Further, the N–O moiety was used to install a trifluoromethyl group in the C2 position by means of a base-mediated reaction34 with the Ruppert–Prakash reagent. A regioselective conversion of 8-aryl-substituted quinoline N-oxides to the corresponding 2-chloroquinolines 3032 was accomplished by a reaction with thionyl chloride in 68–72% yields. Copper-catalyzed deoxygenative C2 arylation and alkylation10e of the N-oxide products was also effected by Grignard reagents in the presence of magnesium chloride. In addition, a reaction of the 8-arylquinaldine N-oxide 16 with acetic anhydride led to clean transposition of the oxy functionality to the α-carbon and afforded α-acetoxy-substituted quinaldine 33 in 94% yield.

Mechanistic Studies

The speciation of palladium(II) acetate in solution strongly depends on the solvent, temperature, and presence of water. Facile partial hydrolysis of the trimer in organic solvents in the presence of water was observed by Cotton and Murillo.35

Kinetic studies by Vargaftik36 and Hii37 showed that water promotes dissociation of the cyclotrimer, and linear trimeric and monomeric species were suggested as intermediates in aqueous acetic acid and tetrahydrofuran.
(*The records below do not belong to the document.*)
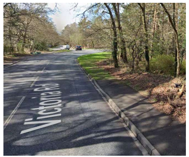
Google Street View, cited December 2021

For the purposes of this quote, I understand the preferred route will be per Ridge Drawing 501459-RDG-XX-XX-DR-C-0002. By way of land to the east of the Reading Road, I note the route connects the extant footway on Victoria Road to its south and that at the Padworth Road/Reading Road/Goring Lane junction to its north (per the respective inserts below).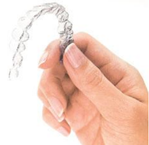
Invisalign Removable Clear Aligners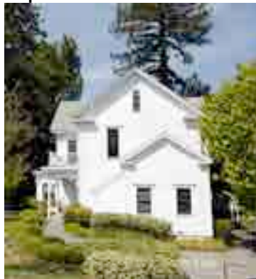
Laughlin House renovation, Airport Business Center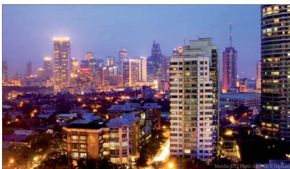
Manila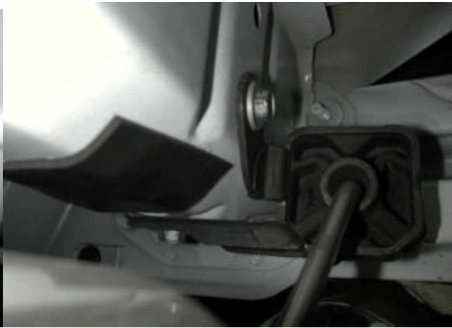
D-Side Rear Bracket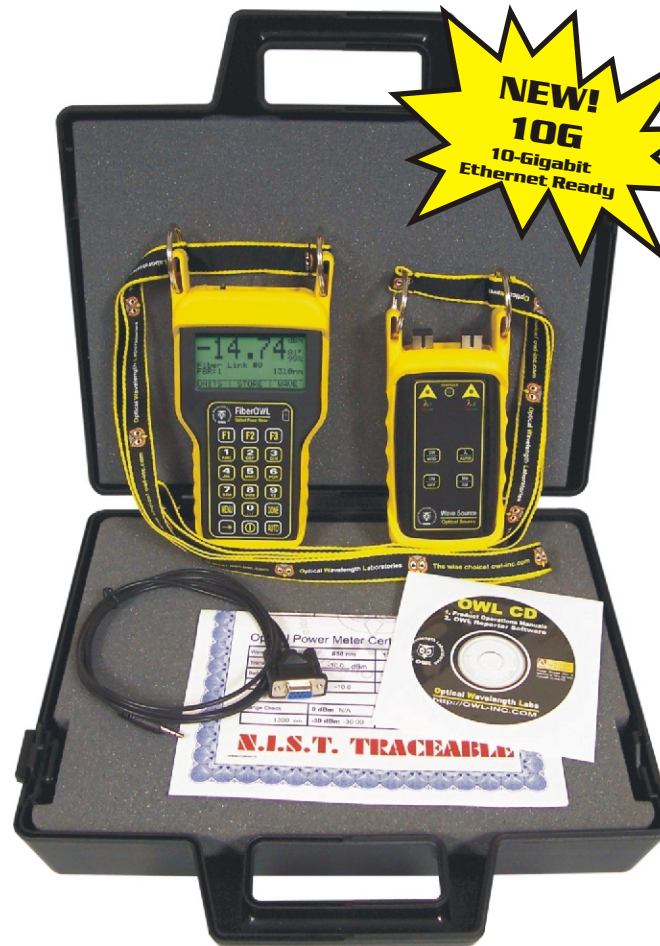
Connector styles or placement may vary from photo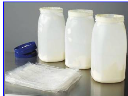
Kraft’s new Easyprep pouch for products such as Kraft Mayo, Miracle Whip, and salad dressings cut packaging waste by 95 percent when compared to a rigid gallon container.

The green movement has been felt by the nation’s food service management firms as well. In the past five years, Bon Appétit Management has watched the concept of using sustainable foods go from radi-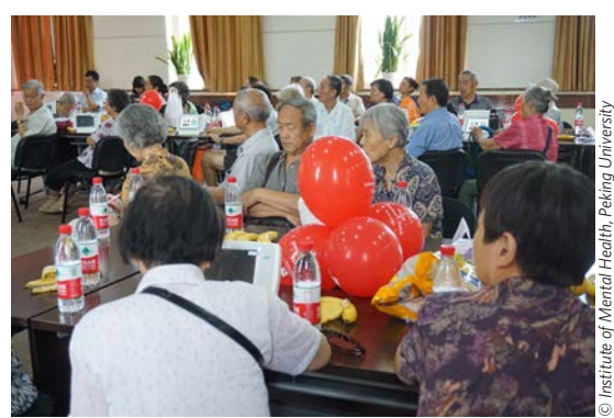
Memory café, Beijing, China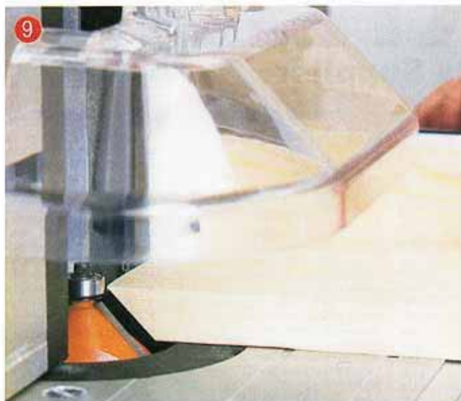
The ends of a box component being milled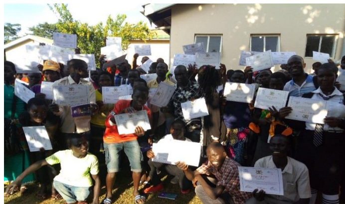
Youth participants pose for a photo upon receipt of 04 days youth consultative workshop attendance certificates issued after the conference session.

While the cyclic trimeric structure Pd3(OAc)6 is largely retained in chloroform, benzene, methanol, and acetic acid at room temperature, linear trimers and monomeric species have also been detected in chloroform–acetic acid and in N-methyl-2-pyrrolidinone (NMP),38 respectively. We examined the influence of water on the C8 arylation under increasing dilution and constant-volume conditions. In the first case addition of water leads to acceleration of the reaction even as the concentration of the reagents decreases at high water loadings.39 A conversion of 74% is reached with 40 equiv of water but remains nearly constant as the amount of added water increases. Since the reaction rates can be influenced by changes in the concentrations due to dilution, a second set of experiments was carried out in the acetic acid–water system by varying the water content and keeping the reaction volume constant.40 The rate acceleration is observed in this case as well; however, a maximum is achieved at ∼40% water. The reaction rate then decreases as water becomes the major component of the mixture, presumably due to the decreasing solubility of the reactants in the predominantly aqueous solutions. The accelerating effect of water that is especially strong at lower water concentrations may be due to the faster dissociation of the oligomeric species of palladium acetate to the more reactive acyclic and monomeric forms. In addition, N-oxide complexes of palladium, although stable under anhydrous conditions, are labile in the presence of water;41 hence, water may facilitate the turnover of the palladium catalyst.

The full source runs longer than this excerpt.